You should remember that your device is an investment in your health, which means that the long term benefits may outweigh short term financial constraints. Also, consider the full value of the services received. Whereas some clinics may charge less initially, other clinics offer comprehensive follow-up care

Work With Your Doctor/Hearing Specialist

Certain devices may be more appropriate for your condition, and your doctor will help steer you to the right one. With so many different sizes, you can find one that works for you. The CIC (completely-in-the-canal) or mini CIC is the most discrete hearing device, but it does have smaller batteries which means it has a shorter life. The in-the-canal (ITC) hearing aid is a custom fit device and less visible than larger styles, but because it is smaller it can be difficult to adjust.
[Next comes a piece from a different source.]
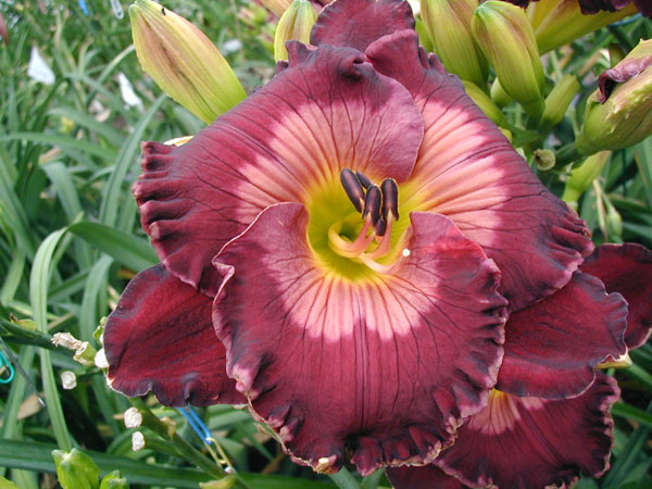 Merlot with icy pink lavender eye and edge, yellow to green throat. Distinctive, mesmerizing color combination in the self and the eye. Good opener but not EMO or CMO. Based on its strong greenhouse performance, I think budcount and branching and height will be better in warmer zones. Fertile both ways and super easy pod parent. I have a nice intro coming from it in a couple of years and looking forward to seeing lots of kids from it this spring.

The in-the-ear (ITE) hearing aid has more features because it is a bit larger than the CIC or ITC, but it may pick up wind noise that the others don’t. The ITE uses a larger battery, for a longer life, and it fits behind the ear, making it less discrete.

Your Hearing Can Have a New Chapter

While your level of your hearing loss will be a big factor in which device works for you, it doesn't have to be a life impairing disability. It’s important to work with your doctor, take the time to understand all your options, and find the device that fits you and the activities you enjoy in daily life. Ultimately, the goal of your device is to help you get more out of life!